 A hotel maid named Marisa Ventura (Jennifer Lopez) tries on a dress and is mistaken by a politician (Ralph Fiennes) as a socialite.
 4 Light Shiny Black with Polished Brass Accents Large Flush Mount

---

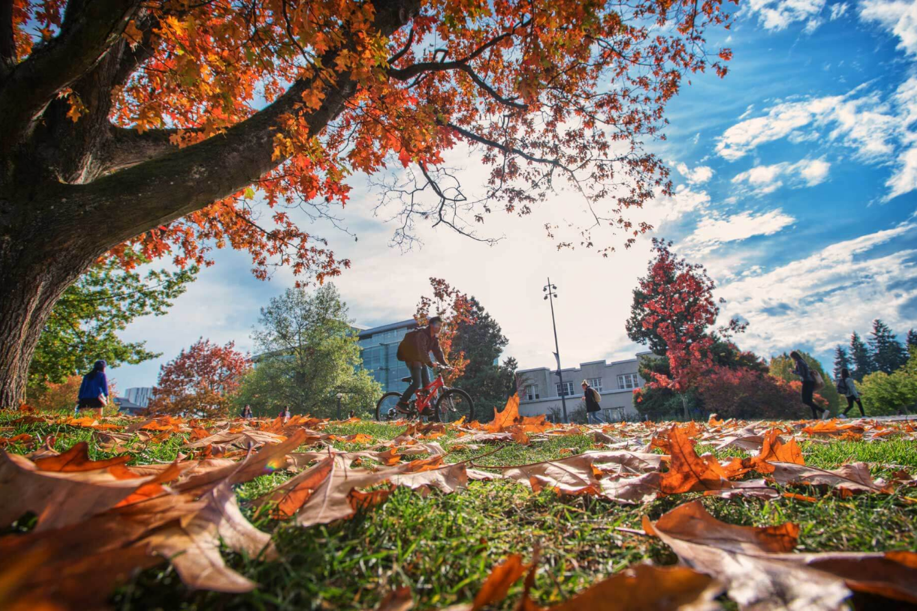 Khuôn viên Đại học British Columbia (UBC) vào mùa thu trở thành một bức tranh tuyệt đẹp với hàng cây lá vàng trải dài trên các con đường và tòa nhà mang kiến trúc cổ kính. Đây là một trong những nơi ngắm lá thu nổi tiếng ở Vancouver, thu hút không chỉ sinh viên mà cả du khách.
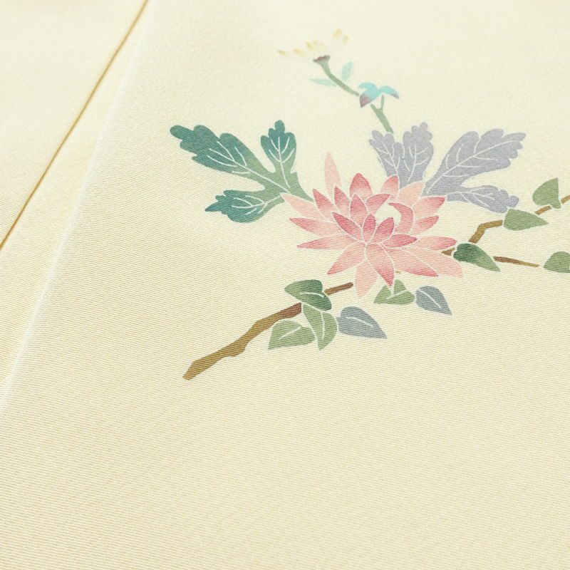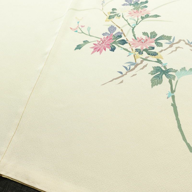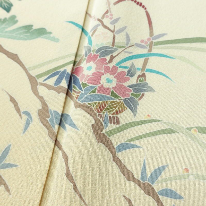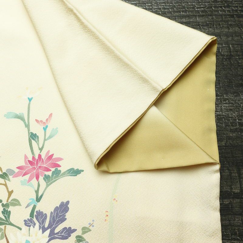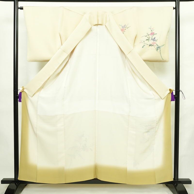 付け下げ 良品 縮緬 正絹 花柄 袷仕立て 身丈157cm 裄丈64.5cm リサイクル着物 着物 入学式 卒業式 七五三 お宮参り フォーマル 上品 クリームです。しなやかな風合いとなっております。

---

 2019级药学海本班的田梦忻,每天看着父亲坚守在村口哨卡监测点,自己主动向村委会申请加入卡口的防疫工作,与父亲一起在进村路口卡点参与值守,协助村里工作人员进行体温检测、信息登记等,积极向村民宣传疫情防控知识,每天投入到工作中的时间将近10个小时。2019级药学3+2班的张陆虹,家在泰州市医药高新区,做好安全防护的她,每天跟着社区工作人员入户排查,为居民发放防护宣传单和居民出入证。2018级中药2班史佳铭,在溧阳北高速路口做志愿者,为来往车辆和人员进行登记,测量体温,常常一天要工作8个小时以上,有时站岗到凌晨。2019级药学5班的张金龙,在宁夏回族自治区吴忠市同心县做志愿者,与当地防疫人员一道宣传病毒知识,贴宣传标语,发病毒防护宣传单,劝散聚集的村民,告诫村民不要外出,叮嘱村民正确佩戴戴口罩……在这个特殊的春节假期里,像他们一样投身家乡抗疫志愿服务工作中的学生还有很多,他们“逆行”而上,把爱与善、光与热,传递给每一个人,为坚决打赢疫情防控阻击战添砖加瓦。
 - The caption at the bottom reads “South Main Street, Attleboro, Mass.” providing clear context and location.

§ To do:
Your answer must be the lines above from the one containing "A hotel maid" to the one containing "4 Light Shiny", both included, restated word for word.

§ Response to the task:
 A hotel maid named Marisa Ventura (Jennifer Lopez) tries on a dress and is mistaken by a politician (Ralph Fiennes) as a socialite.
 4 Light Shiny Black with Polished Brass Accents Large Flush Mount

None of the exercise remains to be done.